*Task item:*
Beginning with the top line of the listing below, give again every line up to and including the line with "Örnek Sorgumuzda a"; pictures do not belong in the copy.

Top of Records for this task

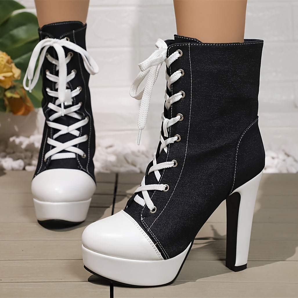 Женские демисезонные ботинки из денима до середины икры, повседневные, однотонные, с круглым носком, шнуровкой, резиновой подошвой
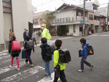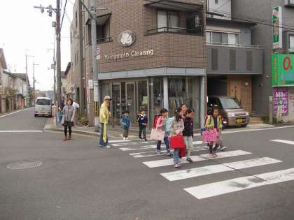 子ども達の安全な登校のために,修二交通安全会や修二子ども見守り隊の方々が交差点に立って下さっています。入学式・始業式の翌日とあって,保護者の方と一緒に登校してくる姿も見られました。
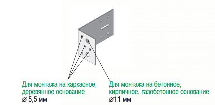Монтаж на бетонное, кирпичное, газобетонное основание предполагает использование фасадного дюбеля. В кронштейне ФК имеется только одно отверстие диаметром 11мм под фасадный дюбель.
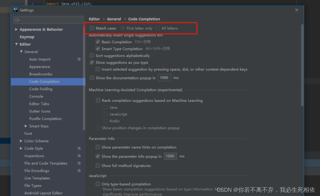 把这个勾去掉,(有的idea版本是选择选项 选择none即可),例如String 输入string 、String 都可以提示
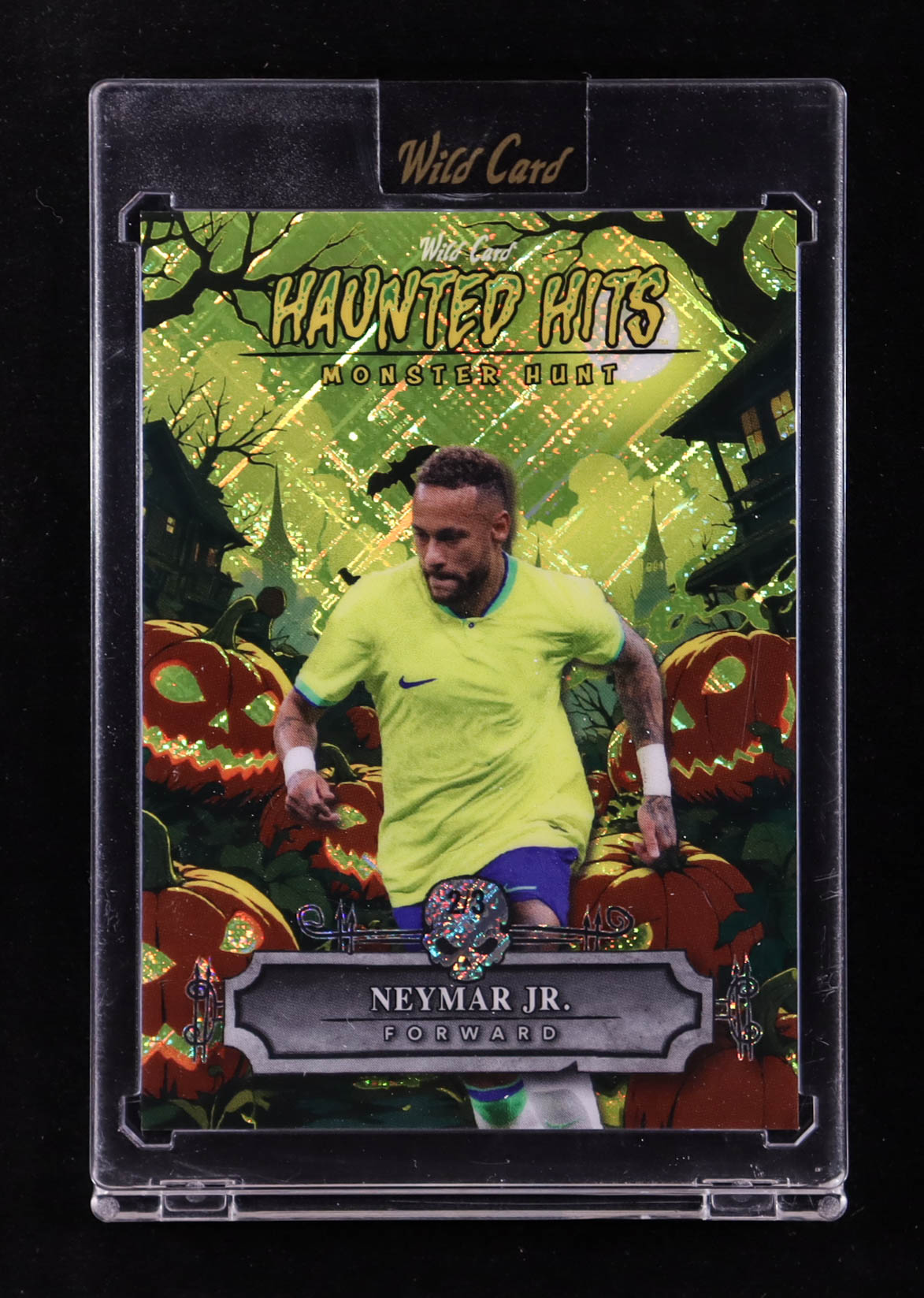 Neymar Jr. 2025 Wild Card Haunted Hits Monster Hunt Pumpkin Patch Yellow Cross Hatch Foil #HHP-NJ #2/3
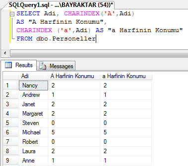 Örnek Sorgumuzda a ve A değerleri aynıdır. Aranan değerin ilk bulunduğu konumunun yeri döner. Diğer sonraki konumlar dikkate alınmaz. Yani tek karakter için büyük küçük harf ayrımı yoktur.
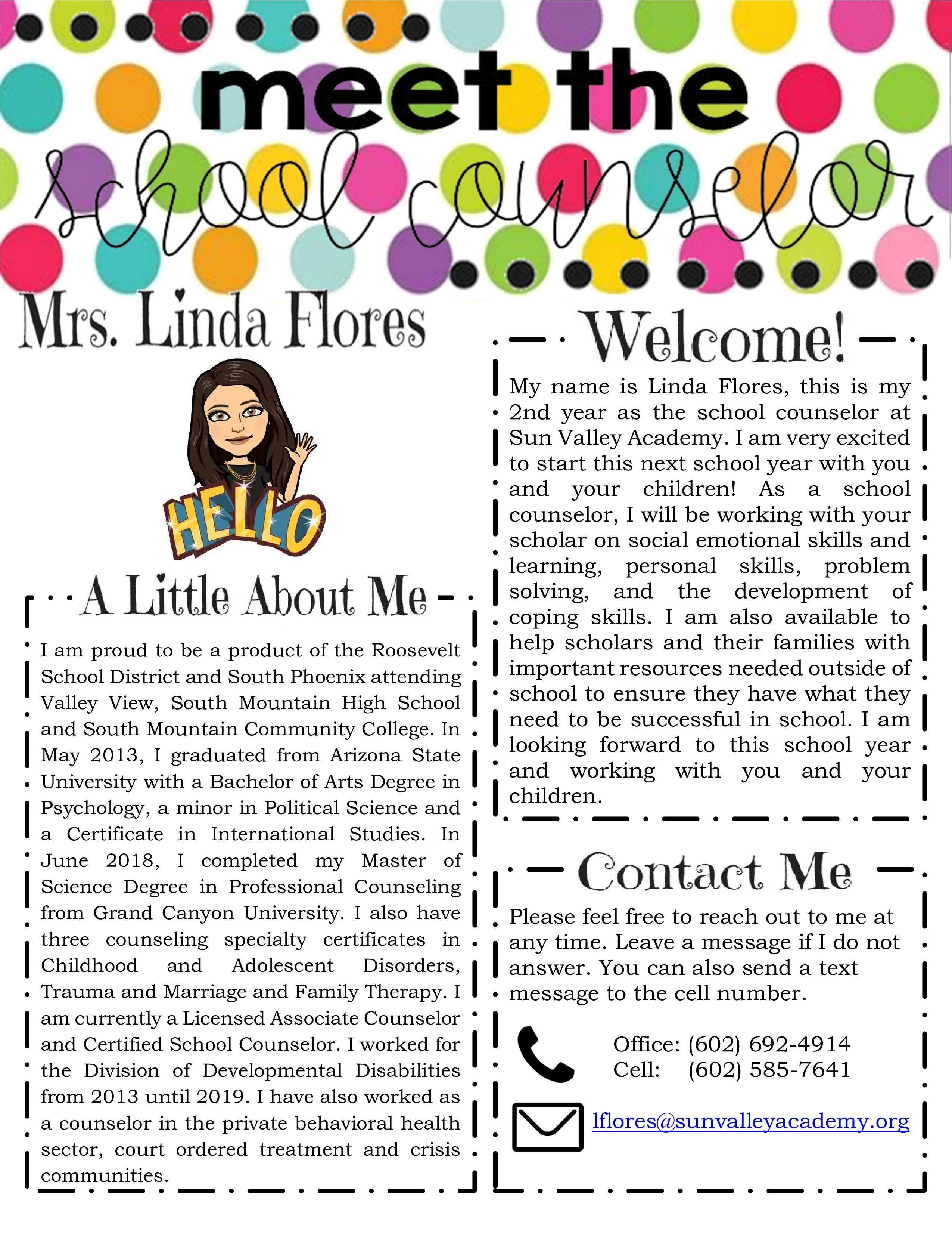 Parents and guardians are encouraged to contact Mrs. Flores with questions or concerns regarding issues that may be affecting your child’s academic progress. Such topics could include family changes, social difficulties, or mental health problems. Opening the door of communication to your child's challenges is beneficial to the services that the School Counselor can provide to your child during the school day. Mrs. Flores can be reached via ClassDojo, cell phone (602)585-7641 or email, lflores@sunvalleyacademy.org

Bottom of Records for this task

*Response for this exercise:*
 Женские демисезонные ботинки из денима до середины икры, повседневные, однотонные, с круглым носком, шнуровкой, резиновой подошвой
 子ども達の安全な登校のために,修二交通安全会や修二子ども見守り隊の方々が交差点に立って下さっています。入学式・始業式の翌日とあって,保護者の方と一緒に登校してくる姿も見られました。
Монтаж на бетонное, кирпичное, газобетонное основание предполагает использование фасадного дюбеля. В кронштейне ФК имеется только одно отверстие диаметром 11мм под фасадный дюбель.
 把这个勾去掉,(有的idea版本是选择选项 选择none即可),例如String 输入string 、String 都可以提示
 Neymar Jr. 2025 Wild Card Haunted Hits Monster Hunt Pumpkin Patch Yellow Cross Hatch Foil #HHP-NJ #2/3
 Örnek Sorgumuzda a ve A değerleri aynıdır. Aranan değerin ilk bulunduğu konumunun yeri döner. Diğer sonraki konumlar dikkate alınmaz. Yani tek karakter için büyük küçük harf ayrımı yoktur.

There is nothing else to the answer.